- From: David (Standards) Singer <singer@apple.com>
- Date: Thu, 09 Oct 2014 10:17:01 -0700
- To: Anne van Kesteren <annevk@annevk.nl>
- Cc: Sid Stamm <sstamm@mozilla.com>, Tracking Protection Working Group <public-tracking@w3.org>
On Oct 9, 2014, at 10:05 , Anne van Kesteren <annevk@annevk.nl> wrote: > On Thu, Oct 9, 2014 at 7:00 PM, David (Standards) Singer > <singer@apple.com> wrote: >> Given that, the group tried to minimize difference from existing techniques, notably cookie and script cross-origin, so as to re-use as much as possible (concept and code). I get the sense that you’d prefer a more modern design that represents an improvement on cookies, cors, and the like. I am not sure the group agrees; simple/compatible to implement is actually desirable. (That’s why I hesitate about promise returns, for example, and I am pushing back gently on expiration parameters). > > To be clear, cookies and document.domain and friends depend on > publicsuffix.org. That is bad.

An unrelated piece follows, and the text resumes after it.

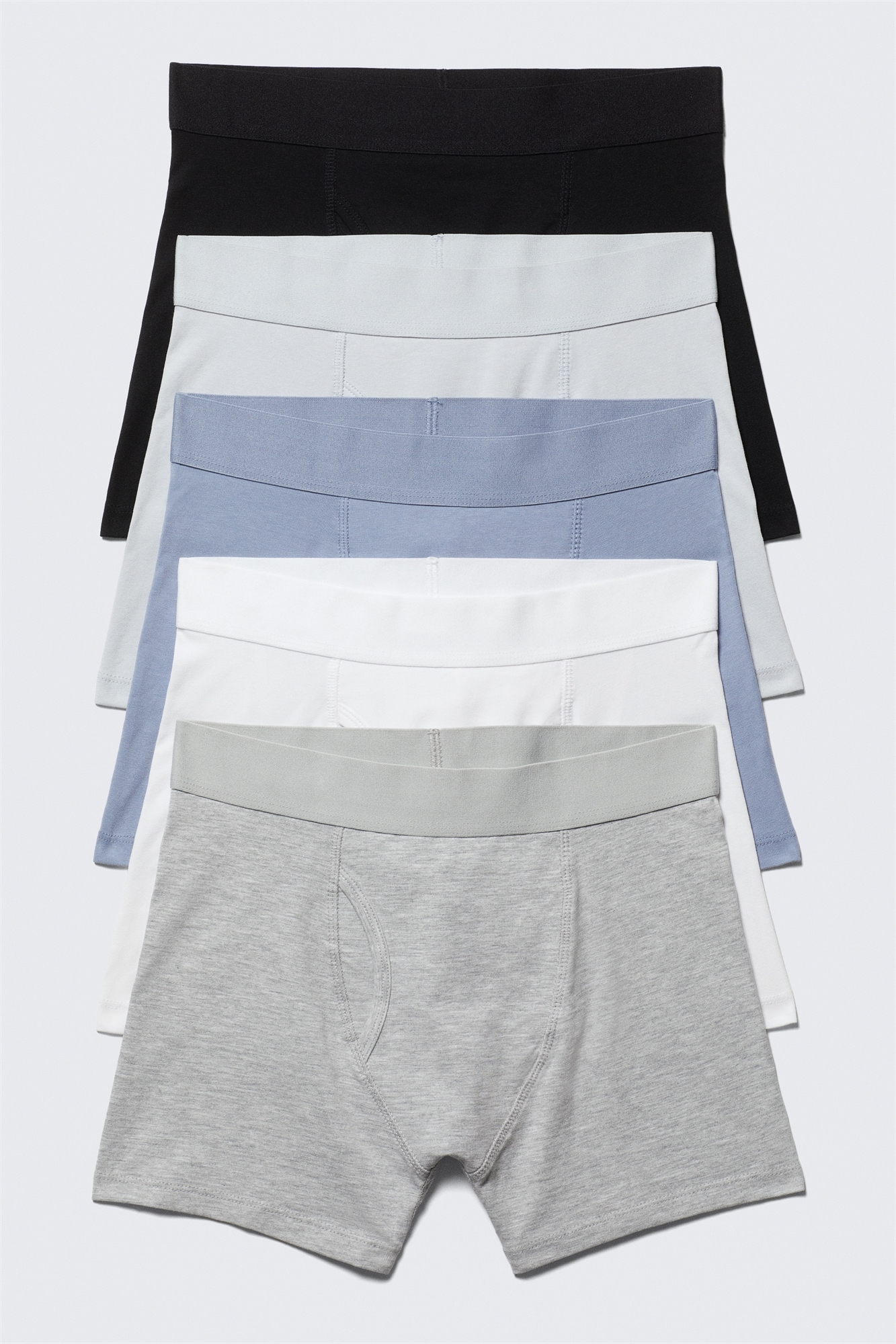 Упаковка из пяти пар мужских трусов-боксеров из органического хлопка с добавлением эластана для дополнительного комфорта и эластичности. Они имеют удобный однотонный эластичный пояс и гладкую строчку с плоским замком. Размер 70 см в обхвате талии и около 4 см в штанине.

We don't want to increase the amount of > things that depend on that unless there's a very compelling reason. > Anything new we've done for the last decade or so has been based on > origins. Do you have the time to sketch out what it would look like using origins? I think the WG would be happy to look. The obvious problem: roughly, you need to be able to set an exception for a group of properties (hosts) from one of them (e.g. from dnt-center.yahoo.com, for all yahoo.com hosts), but obviously not see/set/cancel exceptions for properties that are not ‘yours’. The API operation, and the decision on whether a recorded exception applies in this case (i.e. the decision on what DNT header to send), both need to have a model that achieves this. David Singer Manager, Software Standards, Apple Inc.